A good example is the Black Scholes equation. This describes the behaviour of the put and call options on the European derivatives market. If you have no idea of what a differential equation is, or what is meant by a put and call option, I suggest you don’t worry too much. A company set up to exploit the profitable opportunities afforded by understanding these things called Long Term Capital Management lost so much money it threatened the stability of the world’s financial system for a while. Knowledge with those kinds of consequences is the kind of knowledge you can live without.
This company was in the position to do this because of the credibility it gained from having one of the creators of the formula on the board. He was a respected economist and even won a Nobel prize. This prestige didn’t stop Long Term Capital Management proving to be a very short term exercise in capital mismanagement. One might have thought that an experience like the inability of a Nobel level economist to run an actual company in the real world ought to have chastened the economic profession somewhat.
But they seem to be carrying on regardless. Major economic events like the 2007 liquidity crisis or the recent collapse in the price of oil continue to happen. Economists routinely fail to predict them in advance or to explain them after they have happened. That the media manage to find some economics prof somewhere who did simply underlines that economic predictions are all over the shop and that you might just as well consult the entrails of geese for all the good it is likely to do you.
Economics doesn’t need more equations. It needs to be able to actually describe the real world effectively. Plain language will do nicely if it works. If it doesn’t, the maths just obscures things. My proposal is that economics should simply be disbanded and its intellectual territory reallocated to a new branch of biology. One of the rules of war is that you don’t reinforce failure, and economics has failed miserably. We should stop pumping money, resources and faith into it.

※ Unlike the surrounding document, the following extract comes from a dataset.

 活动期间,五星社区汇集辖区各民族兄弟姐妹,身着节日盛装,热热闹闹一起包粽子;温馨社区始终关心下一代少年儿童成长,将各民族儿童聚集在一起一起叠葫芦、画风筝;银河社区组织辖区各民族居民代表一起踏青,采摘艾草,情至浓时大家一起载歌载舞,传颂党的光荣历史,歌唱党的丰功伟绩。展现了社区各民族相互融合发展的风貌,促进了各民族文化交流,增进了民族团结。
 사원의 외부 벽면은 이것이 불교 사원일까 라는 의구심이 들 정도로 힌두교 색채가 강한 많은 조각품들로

The economics discipline does have some real world assets, which need to be disposed of. Economics departments should be handed over to be run by the biologists. Economists working in academia should be transported to camps for re-education. Extant economics degrees should be declared void.

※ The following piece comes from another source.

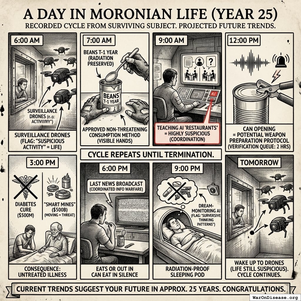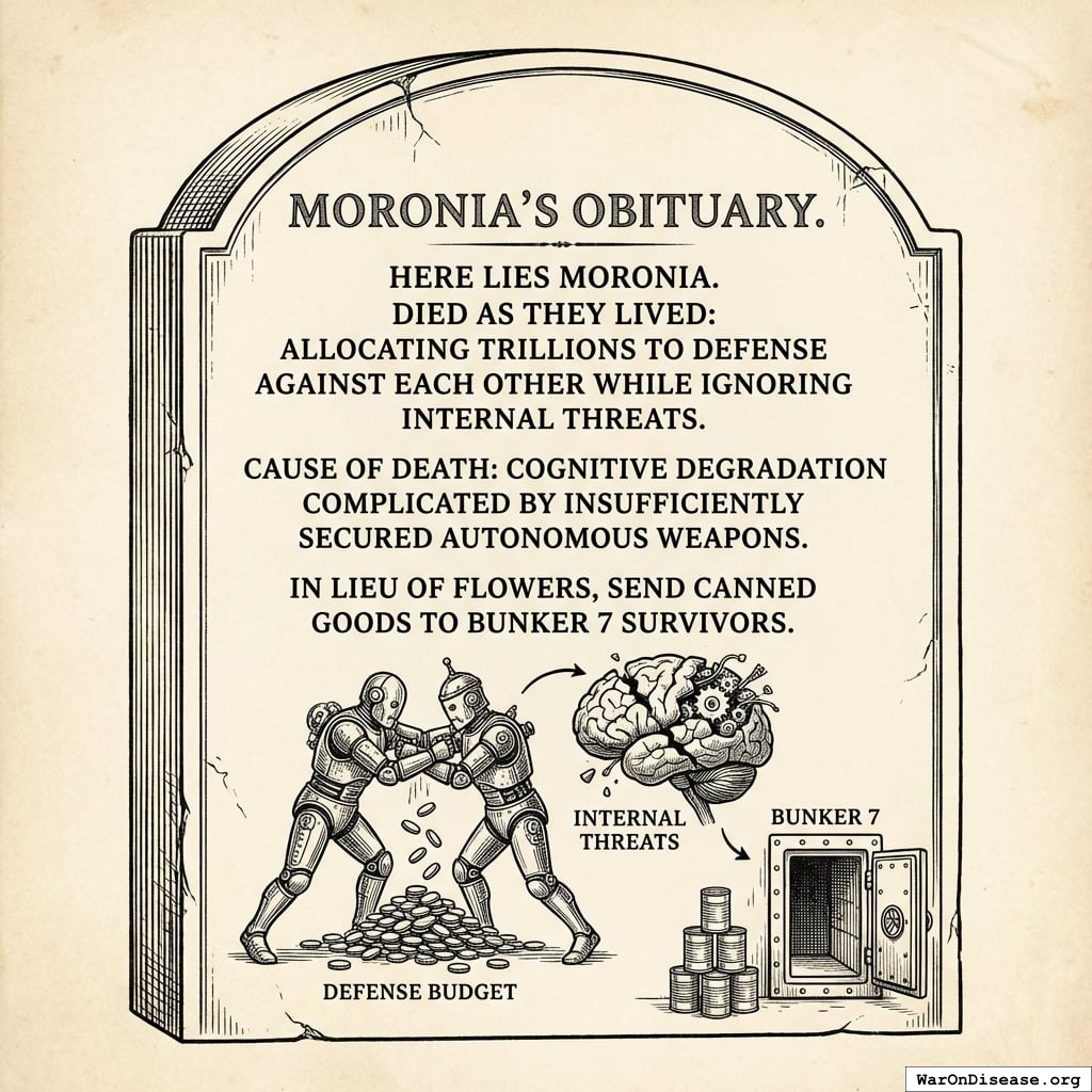 - Military AI for killing Moronians: 3-week deployment timeline, classified as “national security priority,” minimal safety review

I do realise that this will cause some disruption to people’s day to day lives. Not least, it will rob governments around the world of the justification for all those neoliberal policies that favour the rich over the poor. I can live with that.
Wigner, E. P. (1960). “The unreasonable effectiveness of mathematics in the natural sciences. Richard Courant lecture in mathematical sciences delivered at New York University, May 11, 1959”.Communications on Pure and Applied Mathematics 13: 1–14.